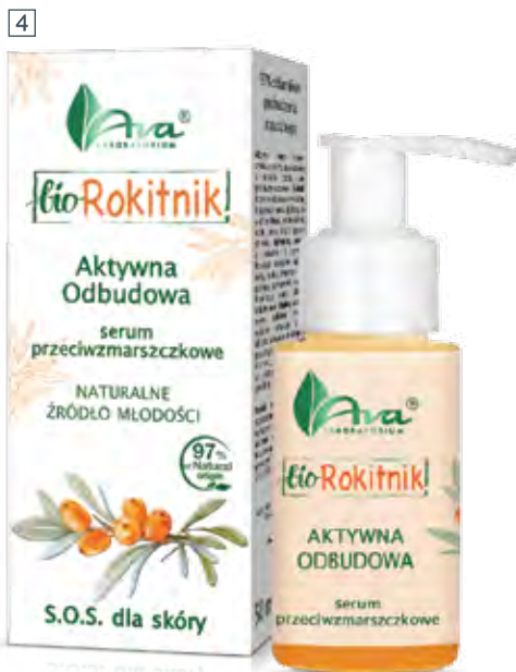
4 SERUM PRZECIWMARSZCZKOWE AKTYWNA ODBUDOWA 50 ml • indeks 6154
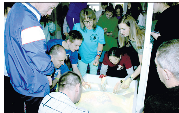
Для членов организации ВОИ была продемонстрирована интерактивная песочница.
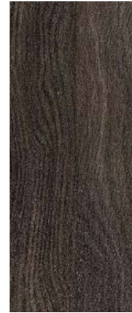
Roble Cáceres Texturado
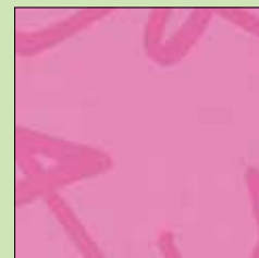
120-710-04 Setetrekk rosa

Setetrekk inneholder: Ryggpute, setepute, bekkenstøttepute og trekk til lår støtter.

★ ★ ★ ★

ACTIVITY: After removing the pictures, restate the whole listing above word for word.

RESPONSE TO THE TASK:
4 SERUM PRZECIWMARSZCZKOWE AKTYWNA ODBUDOWA 50 ml • indeks 6154
Для членов организации ВОИ была продемонстрирована интерактивная песочница.
Roble Cáceres Texturado
120-710-04 Setetrekk rosa

Setetrekk inneholder: Ryggpute, setepute, bekkenstøttepute og trekk til lår støtter.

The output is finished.